Ending public employee unions entirely would be our first option, but short of that there are several steps that could be taken in the upcoming session of the Nevada Legislature.
First, end binding arbitration. Under current law the local elected officials make a union contract offer and the union makes its own demands. If the two sides reach an impasse, which is too often the case in this post-recession, tight-money period, some out-of-state paid arbitrator who has never paid a dime in Nevada taxes and never will be affected by his or her decision decides which of the two final offers to impose.
The arbitrator is not allowed to compromise between the two positions and frequently sides with higher union wage demands simply because the city or county or school district can “afford” it, whether it is fair and competitive with the private sector or not.
Eliminating binding arbitration could save taxpayers millions of dollars.
Second, make the process transparent. Nevada Revised Statute 288 specifically states union negotiations or even informal discussions do not have to be open to the public. So they never are.
This means that the voters and taxpayers are left entirely in the dark and have no inkling as to whether their representative is fighting for their hard-earned money or rolling over for a belly scratch by public union officials who can provide cash and manpower come re-election time.
Private employers have the threat of being able to close up shop and go out of business. Public employers have no such option with which to bargain
Such negotiations should open to the public under open meetings laws every step of the way, right down to the final public vote.
Lawmakers could cut and paste language from the American Legislative Exchange Council’s model bill on this topic:
“Labor negotiations between government and government employees are an extension of the people’s business. … Since those negotiations deal with the public employer and public employees, taxpayers have a vested interest in the proceedings. … Taxpayers deserve to observe, monitor, and even participate in the processes by which public contracts are negotiated and awarded.”
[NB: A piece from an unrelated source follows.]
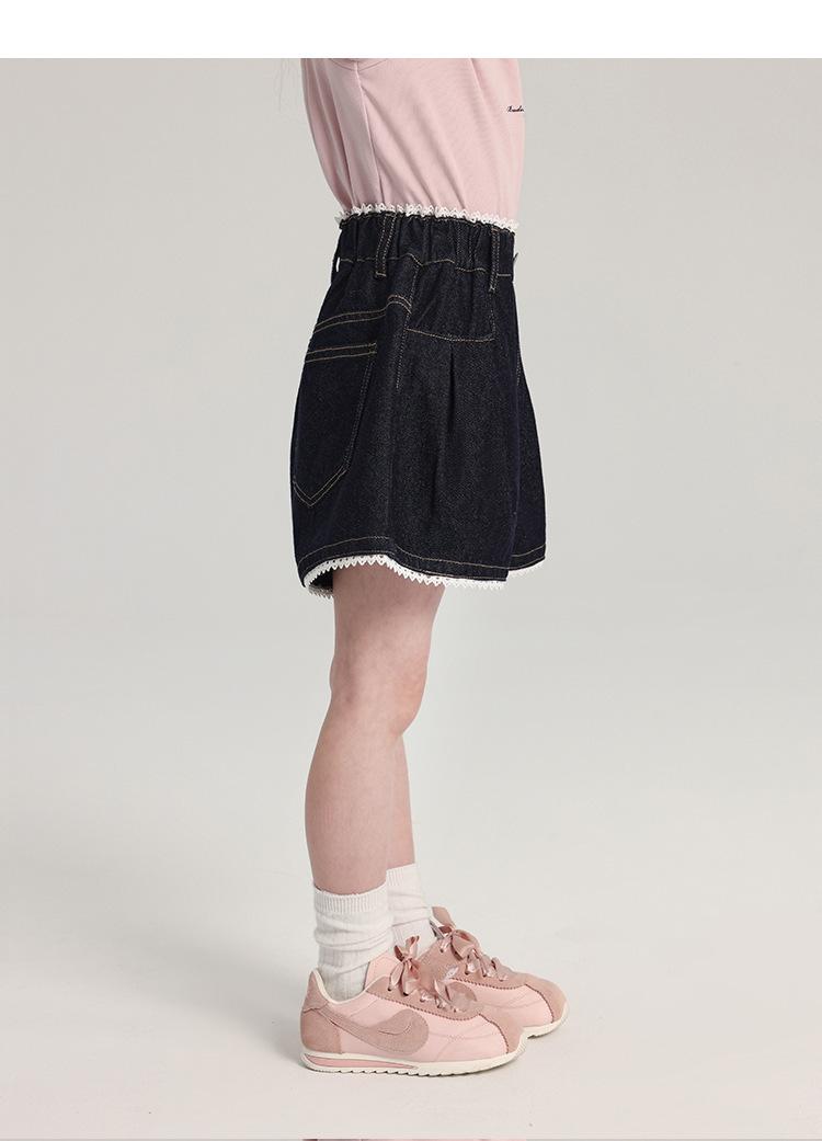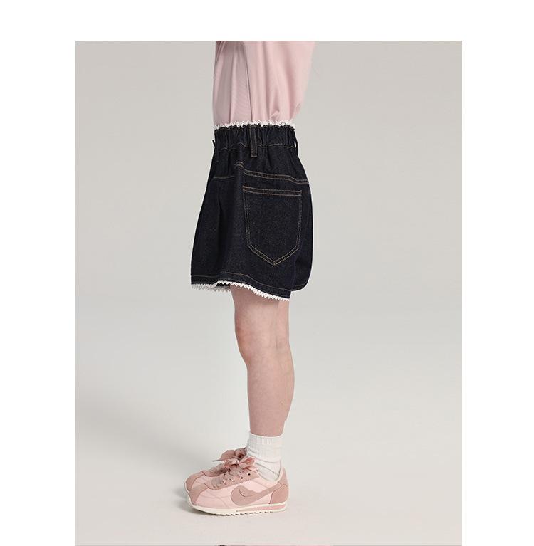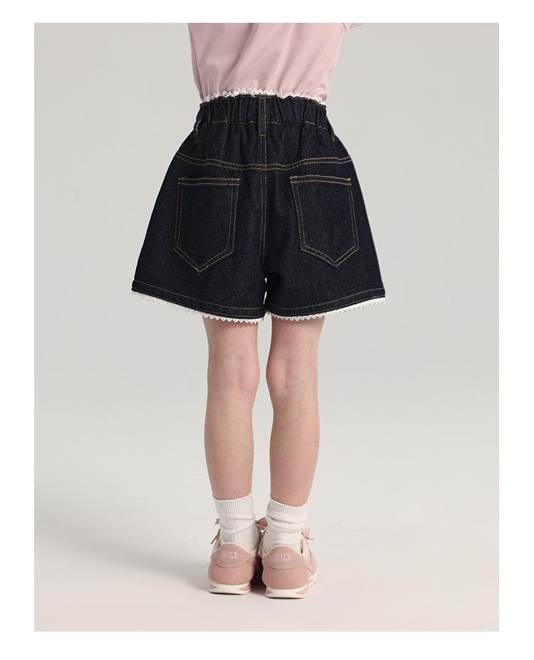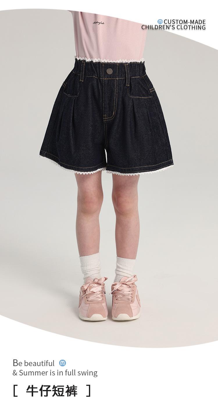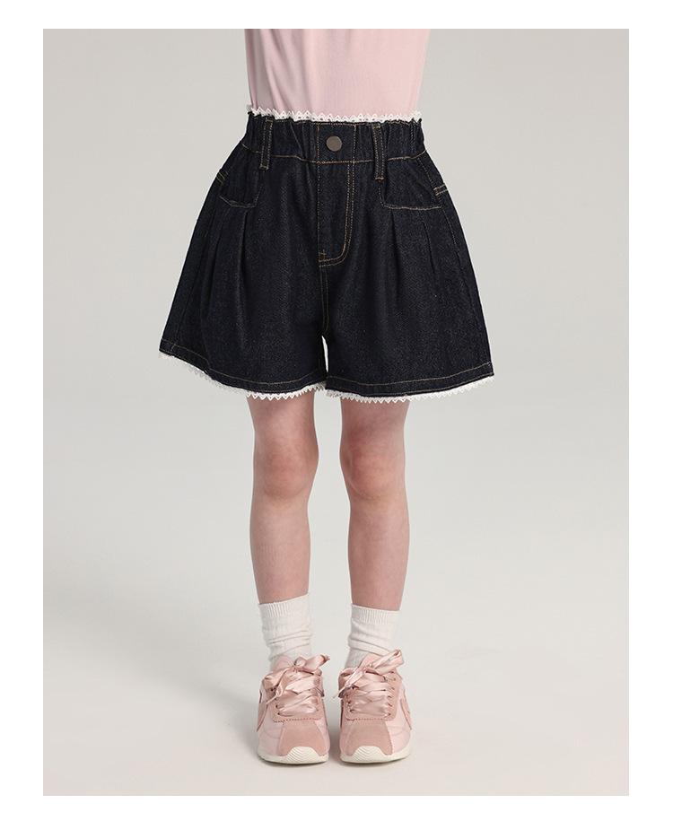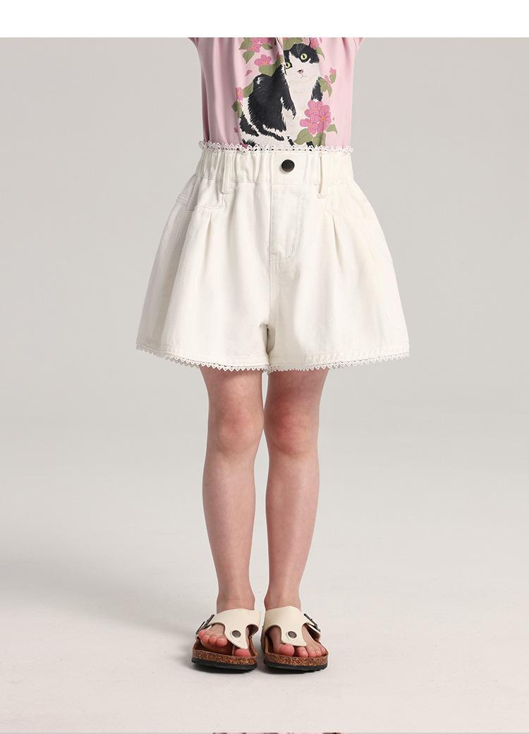 Pudding Haru Pantalones para Niñas Shorts Versátiles 2025 Verano Nuevo Shorts de Mezclilla con Encaje para Niñas

Third, public employee unions should collect their dues from their members and not have the government go to the trouble and expense of cutting a check to the unions for members’ dues. This makes the cost of union membership more obvious for the workers.
Finally, the public employees should be required periodically to vote on which union, if any, is to represent them in collective bargaining. Perhaps more than a few public employees would rather stand on their own merits and compete for pay and benefits rather than settle for the same pay as union-protected laggards.
None other than the icon of progressivism, Franklin D. Roosevelt, pointed out in a 1937 letter the problem with collective bargaining for public employees:
“All Government employees should realize that the process of collective bargaining, as usually understood, cannot be transplanted into the public service. It has its distinct and insurmountable limitations when applied to public personnel management. The very nature and purposes of Government make it impossible for administrative officials to represent fully or to bind the employer in mutual discussions with Government employee organizations. The employer is the whole people …”
We demand our lawmakers put each of these suggestions to a vote, especially ending public employee unions entirely, so the voters can see who is really representing them come next Election Day.